HAMMOND – An ambitious agenda set forth by facilitator David B. Duff for Monday’s meeting of the Hammond Wind Advisory Committee went beside the wayside once again as two factions – those for wind power development in the community and those against it – continued their now years-long argument.
Contained on the agenda were six bulleted items, several of which remained unresolved following Charles E. Ebbing’s presentation on background noise.
Mr. Ebbing, who retired from Carrier in 1999 and said he brings 47 years of experience in acoustical engineering to the table, offered the committee a “Type 1 sound level meter,” as well as a tutorial conducted by himself and Clifford J. Schneider, in an effort to help the committee to establish Hammond’s background noise level.
The committee has said that such an experiment would assist it in making recommendations concerning sound standards to the town board.
Mr. Duff said the committee has been having trouble making recommendations because it was unsure about certain elements of sound.
Mr. Ebbing suggested that what the committee needs to know is the “typical range of the long term background noise in affected areas.” In other words, he explained, the term ambient noise – which encompasses all the sounds present in a given environment – is a bit misleading when it comes to establishing a law that would protect non-participants.
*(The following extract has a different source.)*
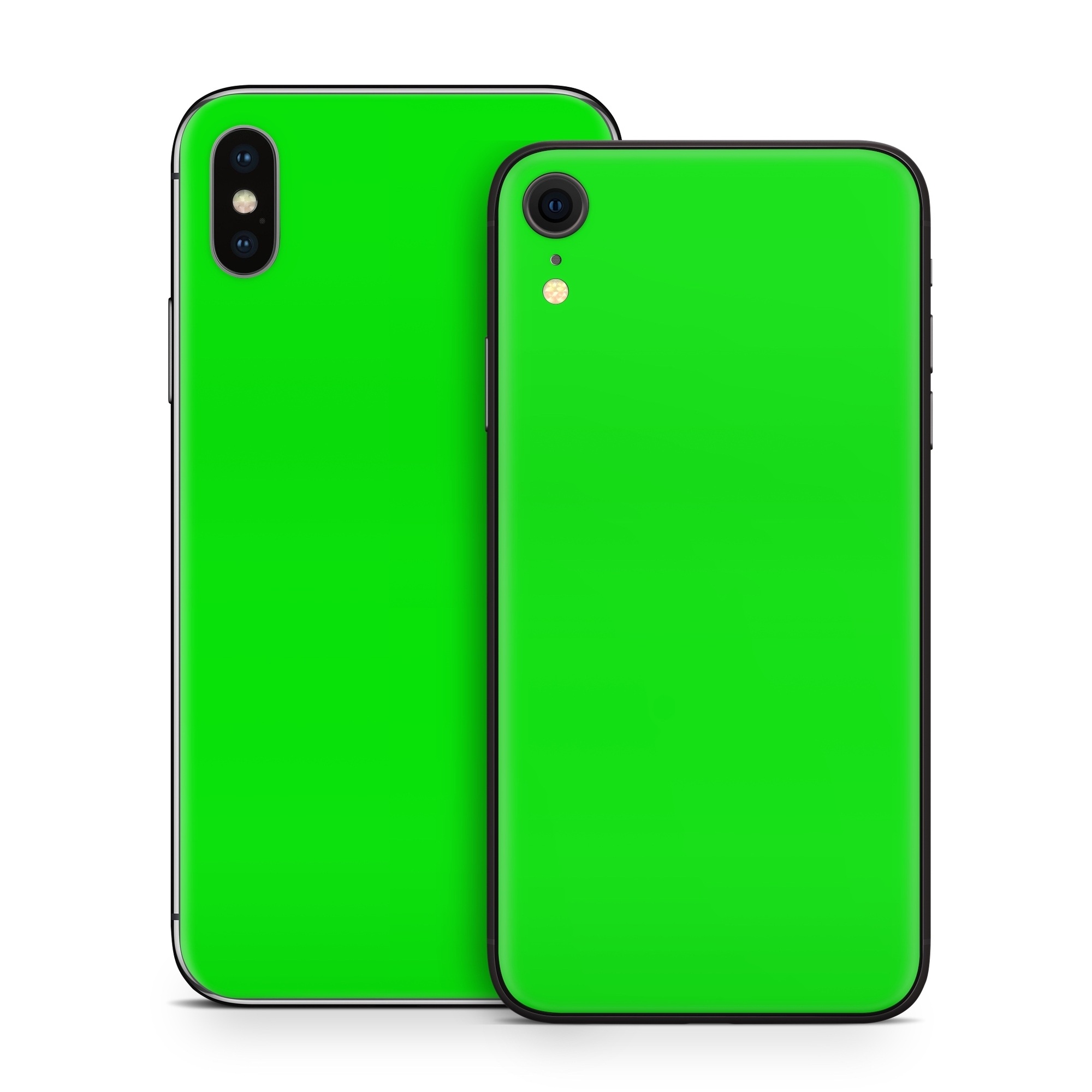 iStyles iPhone X Series Skin design of Green, Rectangle, Baize, Table, Font, Electric blue, Pattern, Symmetry, Magenta, Circle, with green colors, and tagged with solidcolors, green, slime, ghostbusters.

Ambient sound, he said, includes many sources of sound, both near and far. Examples included intermittent events, such as vehicle and aircraft movement, as well as gusts of wind. Also insects, birds, animals and people.
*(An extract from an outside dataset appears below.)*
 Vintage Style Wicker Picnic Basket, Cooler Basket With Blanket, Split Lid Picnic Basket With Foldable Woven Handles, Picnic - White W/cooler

“This is not considered part of the long term background noise,” he said, noting that background sound level is “the sound present 90 percent of the time for the given soundscape.” This is known, logrithmically he said, as L90.
Background sounds, Mr. Ebbing said, are those heard during “lulls” in the ambient sound environment and can be detected using a Type 1 sound meter.
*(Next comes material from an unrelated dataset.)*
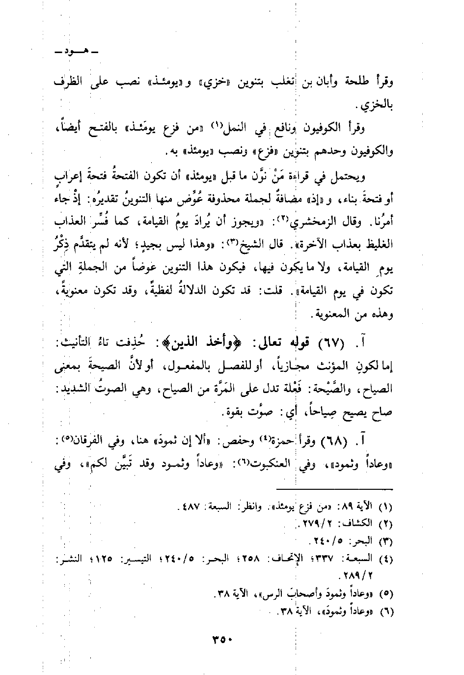 ويحتمل في قراءة مَنْ نوَّن ما قبل» يومئذ «أن تكون الفتحةُ فتحةَ إعرابٍ أو فتحةَ بناء، و» إذ «مضافةٌ لجملة محذوفة عُوِّض منها التنوينُ تقديرُه: إذْ جاء أمرُنا. وقال الزمخشري:» ويجوز أن يُراد يومُ القيامة، كما فُسِّر العذاب الغليظ بعذاب الآخرة «. قال الشيخ:» وهذا ليس بجيدٍ؛ لأنه لم يتقدَّم ذِكْرُ يومِ القيامة، ولا ما يكون فيها، فيكون هذا التنوين عوضاً من الجملةِ التي تكون في يوم القيامة «. قلت: قد تكون الدلالةُ لفظيةً، وقد تكون معنويةً وهذه من المعنوية.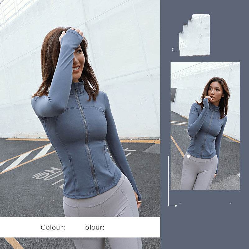 Long-Sleeved Zipper Sports Top Women's Stretch Tights Workout Clothes

“That is,” he said, “when transient sounds from flora, fauna and wind are not present.” Dusk and dawn, he said, when people and animals are active and sound levels are elevated, are not good times to measure the background sound level.
Instead, Mr. Ebbing suggested, background sound levels of interest include the quieter times, during the evening and the middle of the night.
“Sounds from birds, animals and people must be excluded from background sound in order to truly and honestly test the data,” he said, adding that electrical noise, such as that produced by streetlights, transformers and air conditioning units, can also be troublesome for sound meters.
Mr. Ebbing said that noise is subjective and that those with wind leases hear just one sound: “ka-ching.”
“Attitudes towards turbines depends on whether you are a participant or not,” he said.
In rural areas like Hammond, he continued, where traffic is infrequent and the lulls he spoke of are common, its easy to hear and locate distant noise sources. Few people, few machines and little man-made noise, he said, coupled with the “Silent Nights” those in Hammond are accustomed to, are a real draw to those looking at property in this area.
He said he expects the background noise level in Hammond to be somewhere between 25 and 35 dBA, while the wind industry, he said, says its between 40 and 45 dBA.
“I just don’t see how that’s possible,” he said of the second set of numbers.
Following Mr. Ebbing’s presentation, the pro-wind faction of Hammond residents peppered him with questions about his credentials, who he was “in cahoots” with, and his professional ability. They questioned the credibility of his study, saying it was unscientific and biased as well as controlled. They pitted him against the wind companies and told him that he and the wind committee were not qualified to conduct such a study. In the midst of the meeting, Town Supervisor Ronald W. Bertram took the floor, explaining that despite what some members of the community thought, the wind committee’s activity was very valuable and that he thought a study such as the one Mr. Ebbing suggested would allow the committee to get a real sense of the problem it’s dealing with.
However, he also said that he didn’t expect the study to produce a “magic number” about sound that would then be inserted into a new version of the wind law.
Mr. Bertram also addressed the issue of time, saying that despite the one-year moratorium extension that was passed in July by the town board, he expected the wind committee’s work to be done by December. He also explained that his idea of consensus, which the committee is having trouble arriving at on any issue, has been altered.
“I have no problem with a majority opinion, for lack of a better word, based on science. Minority reports will also be considered,” the supervisor said.
After that, the meeting fell once again into a back and forth between residents, Mr. Ebbing and Mr. Duff.
Several members of the committee did volunteer to participate if such a study were to take place, but the agenda fell apart from there on.
Items on the agenda left unresolved included the long term agenda for the committee and the continuation of a prior discussion regarding property line versus residence for measuring setbacks, as well as whether sound standards would be fixed or relative. Committee member Frederick A. Proven suggested briefly revisiting the sound issue at the next meeting and moving on to other issues if the committee cannot come up with a recommendation at that point.
Committee member Leonard Bickelhaupt suggested moving on to economic impacts, such as the Payment in Lieu of Taxes agreements that are common for such projects.